-------- DATA EXCERPTS --------
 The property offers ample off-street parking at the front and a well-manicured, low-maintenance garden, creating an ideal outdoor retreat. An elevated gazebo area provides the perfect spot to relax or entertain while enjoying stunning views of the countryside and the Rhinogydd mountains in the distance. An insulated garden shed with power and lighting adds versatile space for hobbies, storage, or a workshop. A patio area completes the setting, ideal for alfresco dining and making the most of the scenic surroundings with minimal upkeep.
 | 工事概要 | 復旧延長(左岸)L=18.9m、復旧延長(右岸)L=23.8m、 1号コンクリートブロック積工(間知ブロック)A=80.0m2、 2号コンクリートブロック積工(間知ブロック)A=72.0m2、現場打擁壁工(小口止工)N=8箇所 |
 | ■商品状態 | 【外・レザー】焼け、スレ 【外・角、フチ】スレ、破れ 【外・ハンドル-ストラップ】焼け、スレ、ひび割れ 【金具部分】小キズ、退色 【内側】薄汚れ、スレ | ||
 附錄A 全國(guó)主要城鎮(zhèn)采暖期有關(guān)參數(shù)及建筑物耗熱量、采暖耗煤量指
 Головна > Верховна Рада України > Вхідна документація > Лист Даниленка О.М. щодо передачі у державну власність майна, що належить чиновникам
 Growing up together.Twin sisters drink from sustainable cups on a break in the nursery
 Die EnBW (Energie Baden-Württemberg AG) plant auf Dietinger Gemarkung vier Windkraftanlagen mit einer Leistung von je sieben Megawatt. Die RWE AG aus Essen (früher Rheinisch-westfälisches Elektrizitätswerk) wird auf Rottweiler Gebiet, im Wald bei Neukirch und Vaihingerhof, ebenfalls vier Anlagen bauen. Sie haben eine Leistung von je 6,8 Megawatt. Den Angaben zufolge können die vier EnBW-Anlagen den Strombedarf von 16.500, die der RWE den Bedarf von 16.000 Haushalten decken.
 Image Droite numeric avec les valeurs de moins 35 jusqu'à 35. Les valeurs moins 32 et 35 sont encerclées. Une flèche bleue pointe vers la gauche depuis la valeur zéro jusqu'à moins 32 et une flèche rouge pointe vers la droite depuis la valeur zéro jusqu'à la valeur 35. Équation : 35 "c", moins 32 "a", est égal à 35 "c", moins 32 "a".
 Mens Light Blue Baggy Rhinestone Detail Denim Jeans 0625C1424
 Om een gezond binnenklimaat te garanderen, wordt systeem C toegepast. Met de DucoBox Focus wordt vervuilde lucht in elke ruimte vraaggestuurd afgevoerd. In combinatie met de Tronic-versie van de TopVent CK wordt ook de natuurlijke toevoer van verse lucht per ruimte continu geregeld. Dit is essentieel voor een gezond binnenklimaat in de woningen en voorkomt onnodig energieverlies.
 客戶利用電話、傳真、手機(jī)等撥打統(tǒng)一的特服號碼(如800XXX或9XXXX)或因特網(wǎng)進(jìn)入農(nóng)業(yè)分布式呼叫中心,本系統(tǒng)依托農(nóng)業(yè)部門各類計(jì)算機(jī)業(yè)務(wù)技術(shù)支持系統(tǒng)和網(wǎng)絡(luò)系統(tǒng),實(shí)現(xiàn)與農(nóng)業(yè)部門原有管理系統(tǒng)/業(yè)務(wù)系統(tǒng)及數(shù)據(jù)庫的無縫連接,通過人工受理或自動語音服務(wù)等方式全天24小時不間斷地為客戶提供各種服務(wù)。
--------
■ **EXERCISE**:
All of the entries should be repeated word for word.

■ **WRITTEN SOLUTION**:
 The property offers ample off-street parking at the front and a well-manicured, low-maintenance garden, creating an ideal outdoor retreat. An elevated gazebo area provides the perfect spot to relax or entertain while enjoying stunning views of the countryside and the Rhinogydd mountains in the distance. An insulated garden shed with power and lighting adds versatile space for hobbies, storage, or a workshop. A patio area completes the setting, ideal for alfresco dining and making the most of the scenic surroundings with minimal upkeep.
 | 工事概要 | 復旧延長(左岸)L=18.9m、復旧延長(右岸)L=23.8m、 1号コンクリートブロック積工(間知ブロック)A=80.0m2、 2号コンクリートブロック積工(間知ブロック)A=72.0m2、現場打擁壁工(小口止工)N=8箇所 |
 | ■商品状態 | 【外・レザー】焼け、スレ 【外・角、フチ】スレ、破れ 【外・ハンドル-ストラップ】焼け、スレ、ひび割れ 【金具部分】小キズ、退色 【内側】薄汚れ、スレ | ||
 附錄A 全國(guó)主要城鎮(zhèn)采暖期有關(guān)參數(shù)及建筑物耗熱量、采暖耗煤量指
 Головна > Верховна Рада України > Вхідна документація > Лист Даниленка О.М. щодо передачі у державну власність майна, що належить чиновникам
 Growing up together.Twin sisters drink from sustainable cups on a break in the nursery
 Die EnBW (Energie Baden-Württemberg AG) plant auf Dietinger Gemarkung vier Windkraftanlagen mit einer Leistung von je sieben Megawatt. Die RWE AG aus Essen (früher Rheinisch-westfälisches Elektrizitätswerk) wird auf Rottweiler Gebiet, im Wald bei Neukirch und Vaihingerhof, ebenfalls vier Anlagen bauen. Sie haben eine Leistung von je 6,8 Megawatt. Den Angaben zufolge können die vier EnBW-Anlagen den Strombedarf von 16.500, die der RWE den Bedarf von 16.000 Haushalten decken.
 Image Droite numeric avec les valeurs de moins 35 jusqu'à 35. Les valeurs moins 32 et 35 sont encerclées. Une flèche bleue pointe vers la gauche depuis la valeur zéro jusqu'à moins 32 et une flèche rouge pointe vers la droite depuis la valeur zéro jusqu'à la valeur 35. Équation : 35 "c", moins 32 "a", est égal à 35 "c", moins 32 "a".
 Mens Light Blue Baggy Rhinestone Detail Denim Jeans 0625C1424
 Om een gezond binnenklimaat te garanderen, wordt systeem C toegepast. Met de DucoBox Focus wordt vervuilde lucht in elke ruimte vraaggestuurd afgevoerd. In combinatie met de Tronic-versie van de TopVent CK wordt ook de natuurlijke toevoer van verse lucht per ruimte continu geregeld. Dit is essentieel voor een gezond binnenklimaat in de woningen en voorkomt onnodig energieverlies.
 客戶利用電話、傳真、手機(jī)等撥打統(tǒng)一的特服號碼(如800XXX或9XXXX)或因特網(wǎng)進(jìn)入農(nóng)業(yè)分布式呼叫中心,本系統(tǒng)依托農(nóng)業(yè)部門各類計(jì)算機(jī)業(yè)務(wù)技術(shù)支持系統(tǒng)和網(wǎng)絡(luò)系統(tǒng),實(shí)現(xiàn)與農(nóng)業(yè)部門原有管理系統(tǒng)/業(yè)務(wù)系統(tǒng)及數(shù)據(jù)庫的無縫連接,通過人工受理或自動語音服務(wù)等方式全天24小時不間斷地為客戶提供各種服務(wù)。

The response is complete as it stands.